Acho que no meu caso a maior inspiração pra esse projeto foi essa relação com a memória que construímos através da figura dos avós. Sempre fui muito próxima dos meus e sinto que essas relações estarão sempre presentes de alguma forma nos meus filmes. Meus avós maternos, Doro e Jorge, foram no cinema ver o “La Parle”. Foi uma alegria imensa. E a Sylvinha, minha avó paterna que é uma das personagens do filme, infelizmente partiu logo que terminamos a montagem. Esse filme é uma homenagem pra ela. Agora ele vai pro mundo, e espero que essa história tenha eco, que ela possa se conectar com a memória de muitas outras pessoas.
6. Porque fazer planos mais fechados?
Acho que os planos mais fechados são um reflexo dessa narrativa intimista tanto em relação aos personagens, como em relação ao próprio aparelho. Fui muito natural filmar com o Iphone e também muito intuitivo, justamente por já termos essa intimidade do dia a dia.
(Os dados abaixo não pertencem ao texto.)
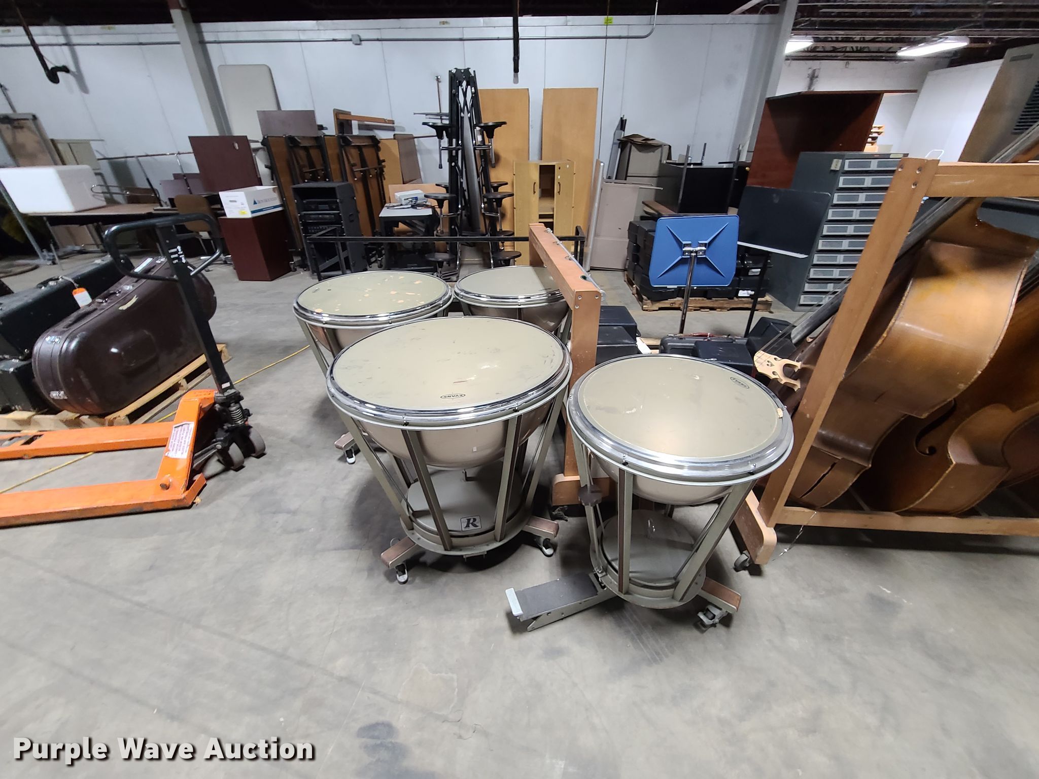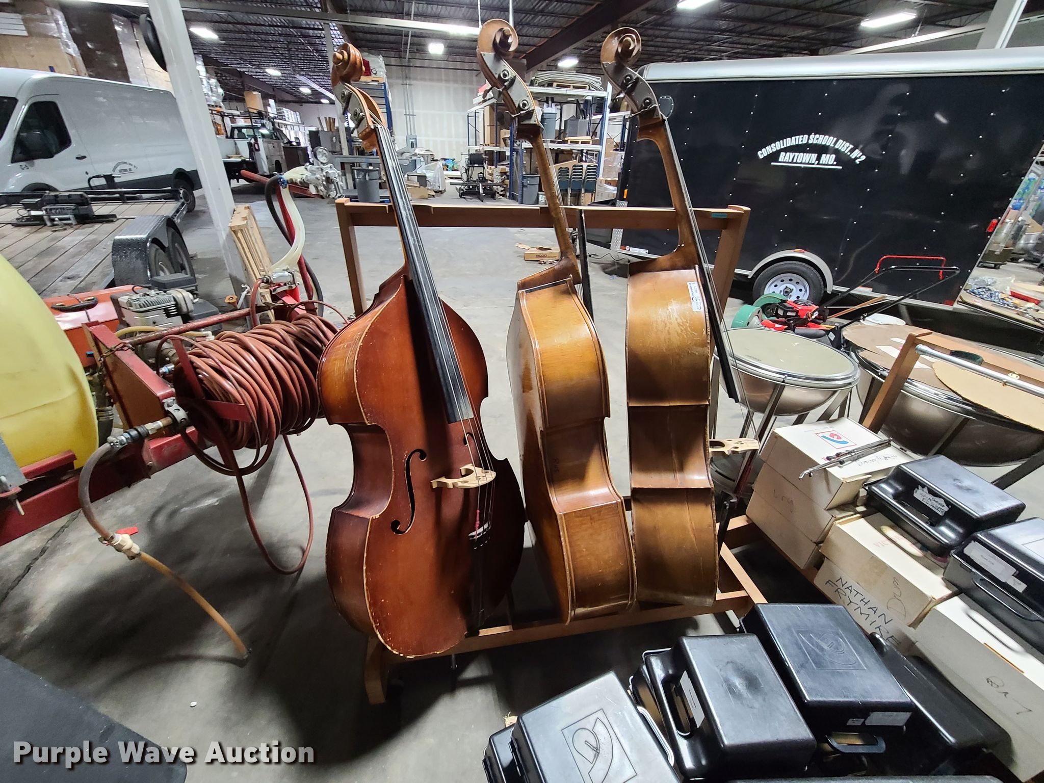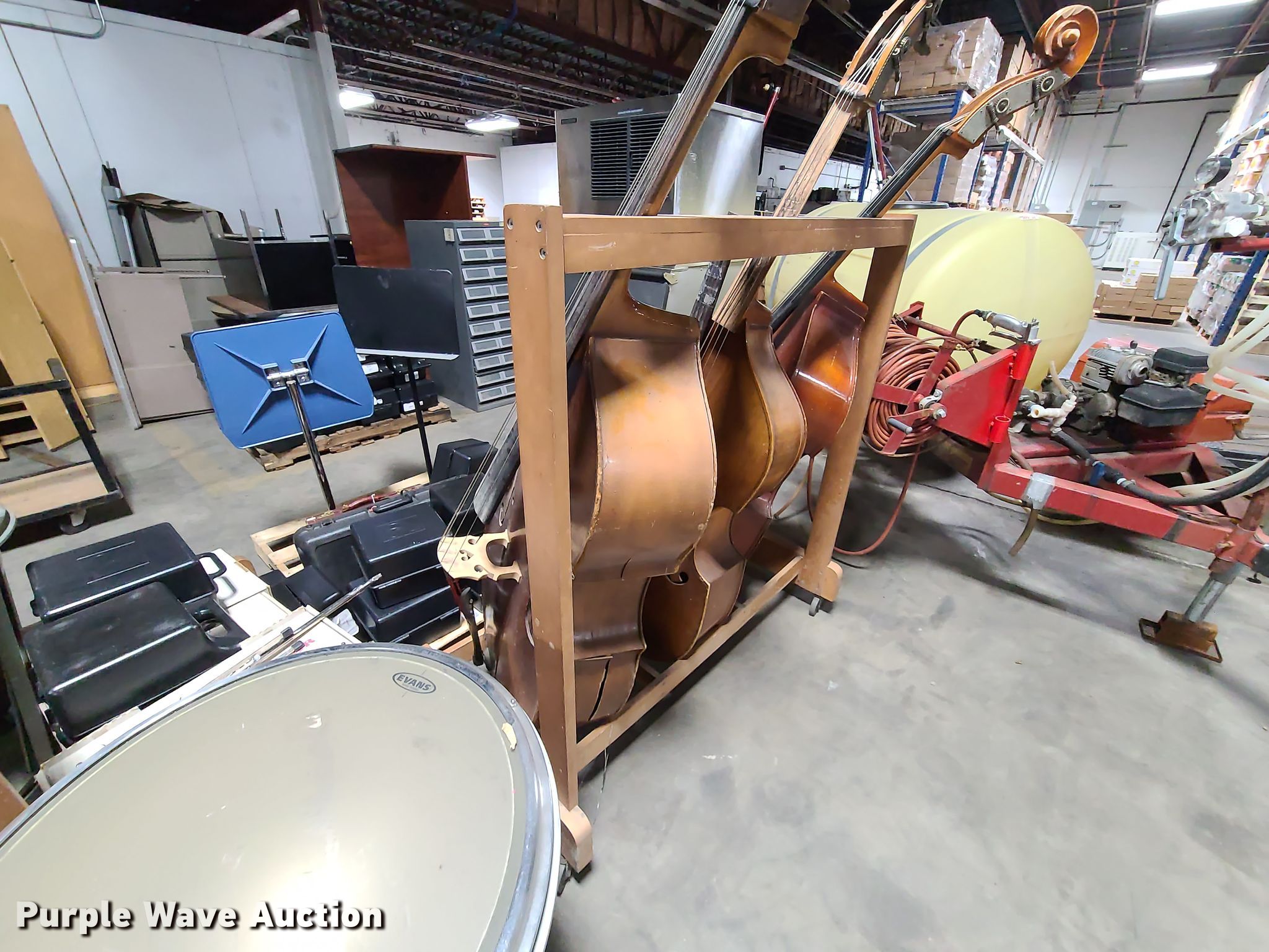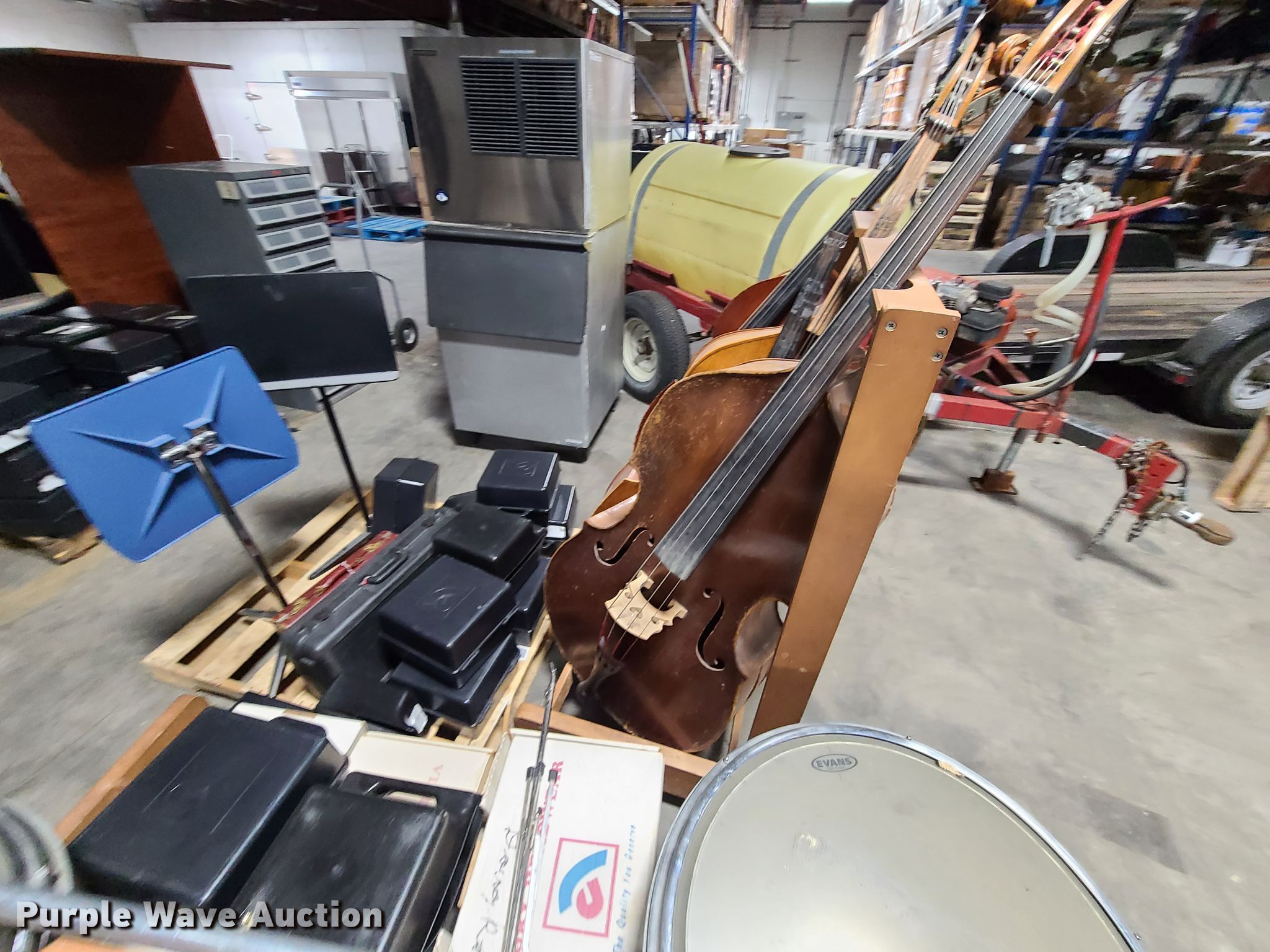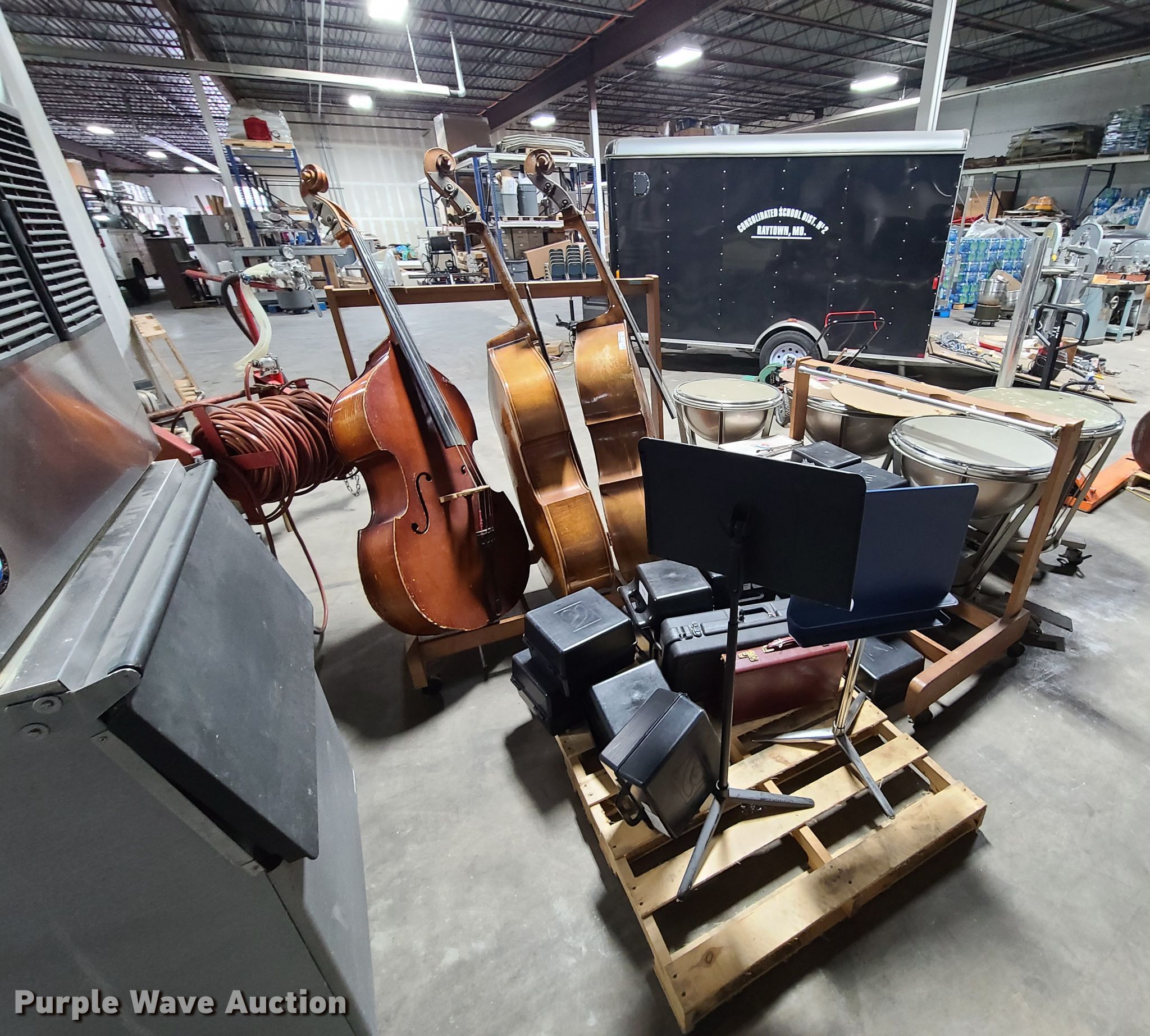 Purple Wave is selling a used Music Equip. in Missouri. This item is a Band instruments with the following: (3) Cellos, (4) drums, Marching hats and more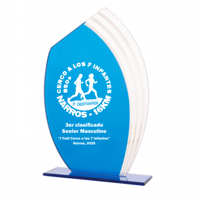 Trofeo cristal azul Rox, perfecto para grabar a laser textos, logotipos, etc Material: cristal transparente-azul ancho 0,5mm Grabación y diseño incluido. Guarda los textos y logotipos realiza la compra y nos pondremos en contacto para mandarte un diseño previo al grabado. Preparación: 3-4 días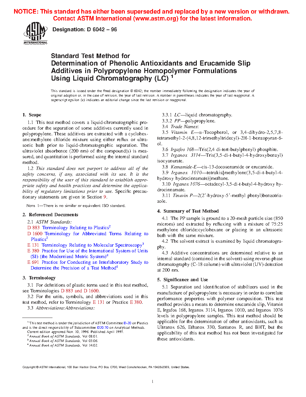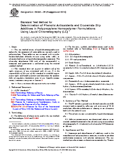 1.1 This test method covers a liquid-chromatographic procedure for the separation of some additives currently used in polypropylene. These additives are extracted with a cyclohexane:methylene chloride mixture using either reflux or ultrasonic bath prior to liquid-chromatographic separation. The ultraviolet absorbance (200 nm) of the compound(s) is measured, and quantitation is performed using the internal standard method.

Pra cuidar dessa questão da qualidade, usamos o aplicativo FiLMiC Pro e alguns acessórios. Mesmo assim, em alguns momentos assumimos os defeitos. Um pouco no sentido da conversa que tivemos com o Lelouch no começo do processo, o que chamamos de defeito também faz parte da linguagem e da emoção dessa imagem.
7. Porque um filme em preto e branco?
A decisão sobre o filme ser em preto e branco foi um processo. Surgiu como uma ideia de trazer esse contraste entre passado e presente. Uma memória jovem, feita com um Iphone que vai de encontro ao imaginário que temos do passado. Aí quando a Fanny nos contou sobre a consulta médica que inspirou a cena final, tivemos certeza de que esse era o caminho. Foi uma confirmação muito clara. Não vou falar mais que isso pra deixar a surpresa pra quem for assistir.